Python Digital Forensics Cookbook

By : Chapin Bryce, Preston Miller
Book Image

Python Digital Forensics Cookbook

By: Chapin Bryce, Preston Miller

Overview of this book

Technology plays an increasingly large role in our daily lives and shows no sign of stopping. Now, more than ever, it is paramount that an investigator develops programming expertise to deal with increasingly large datasets. By leveraging the Python recipes explored throughout this book, we make the complex simple, quickly extracting relevant information from large datasets. You will explore, develop, and deploy Python code and libraries to provide meaningful results that can be immediately applied to your investigations. Throughout the Python Digital Forensics Cookbook, recipes include topics such as working with forensic evidence containers, parsing mobile and desktop operating system artifacts, extracting embedded metadata from documents and executables, and identifying indicators of compromise. You will also learn to integrate scripts with Application Program Interfaces (APIs) such as VirusTotal and PassiveTotal, and tools such as Axiom, Cellebrite, and EnCase. By the end of the book, you will have a sound understanding of Python and how you can use it to process artifacts in your investigations.
Table of Contents (11 chapters)

Iterating over loose files

Recipe Difficulty: Easy

Python Version: 2.7 or 3.5

Operating System: Any

Often it is necessary to iterate over a directory and its subdirectories to recursively process all files. In this recipe, we will illustrate how to use Python to walk through directories and access files within them. Understanding how you can recursively navigate a given input directory is key as we frequently perform this exercise in our scripts.

Getting started

All libraries used in this script are present in Python's standard library. The preferred library, in most situations, for handling file and folder iteration is the built-in os library. While this library supports many useful operations, we will focus on the os.path() and os.walk() functions. Let’s use the following folder hierarchy as an example to demonstrate how directory iteration works in Python:

SecretDocs/
|-- key.txt
|-- Plans
| |-- plans_0012b.txt
| |-- plans_0016.txt
| `-- Successful_Plans
| |-- plan_0001.txt
| |-- plan_0427.txt
| `-- plan_0630.txt
|-- Spreadsheets
| |-- costs.csv
| `-- profit.csv
`-- Team
|-- Contact18.vcf
|-- Contact1.vcf
`-- Contact6.vcf

4 directories, 11 files

How to do it…

The following steps are performed in this recipe:

  1. Create a positional argument for the input directory to scan.
  2. Iterate over all subdirectories and print file paths to the console.

How it works…

We create a very basic argument handler that accepts one positional input, DIR_PATH, the path of the input directory to iterate. As an example, we will use the ~/Desktop path, the parent of SecretDocs, as the input argument for the script. We parse the command-line arguments and assign the input directory to a local variable. We’re now ready to begin iterating over this input directory:

from __future__ import print_function
import argparse
import os

__authors__ = ["Chapin Bryce", "Preston Miller"]
__date__ = 20170815
__description__ = "Directory tree walker"

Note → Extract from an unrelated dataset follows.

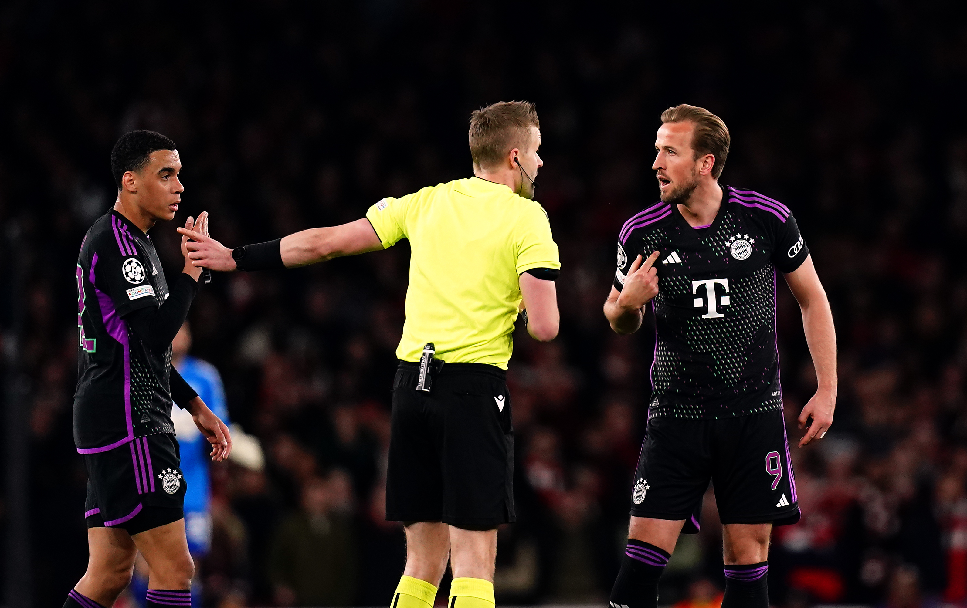 Bayern felt they were denied a clear penalty in the 66th minute of the breathless 2-2 draw at Emirates Stadium after Gunners defender Gabriel inexplicably picked up the ball following a David Raya goal kick.
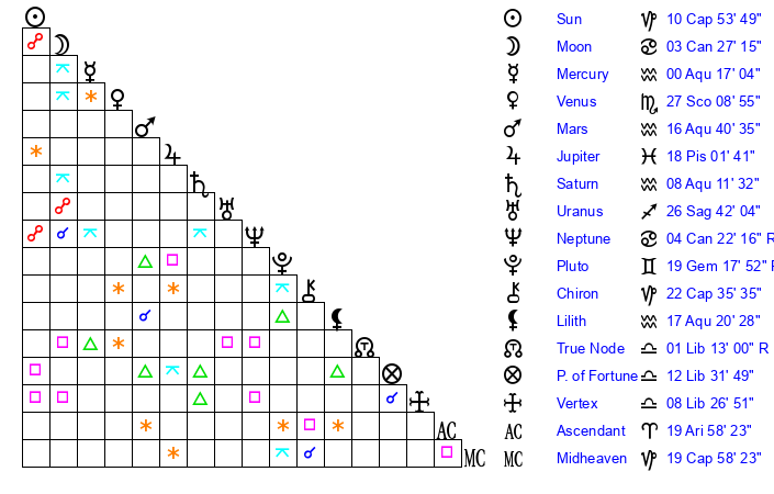 | Sun | 10 Capricorn 54 | 12 Capricorn 18 | 12 Taurus 48 |

parser = argparse.ArgumentParser(
description=__description__,
epilog="Developed by {} on {}".format(
", ".join(__authors__), __date__)
)
parser.add_argument("DIR_PATH", help="Path to directory")
args = parser.parse_args()
path_to_scan = args.DIR_PATH

To iterate over a directory, we need to provide a string representing its path to os.walk(). This method returns three objects in each iteration, which we have captured in the root, directories, and files variables:

  • root: This value provides the relative path to the current directory as a string. Using the example directory structure, root would start as SecretDocs and eventually become SecretDocs/Team and SecretDocs/Plans/SuccessfulPlans.
  • directories: This value is a list of sub-directories located within the current root location. We can iterate through this list of directories, although the entries in this list will become part of the root value during successive os.walk() calls. For this reason, the value is not frequently used.
  • files: This value is a list of files in the current root location.
Be careful in naming the directory and file variables. In Python the dir and file names are reserved for other uses and should not be used as variable names.
# Iterate over the path_to_scan
for root, directories, files in os.walk(path_to_scan):

It is common to create a second for loop, as shown in the following code, to step through each of the files located in that directory and perform some action on them. Using the os.path.join() method, we can join the root and file_entry variables to obtain the file’s path. We then print this file path to the console. We may also, for example, append this file path to a list that we later iterate over to process each of the files:

    # Iterate over the files in the current "root"
for file_entry in files:
# create the relative path to the file
file_path = os.path.join(root, file_entry)
print(file_path)
We can also use root + os.sep() + file_entry to achieve the same effect, but it is not as Pythonic as the method we're using to join paths. Using os.path.join(), we can pass two or more strings to form a single path, such as directories, subdirectories, and files.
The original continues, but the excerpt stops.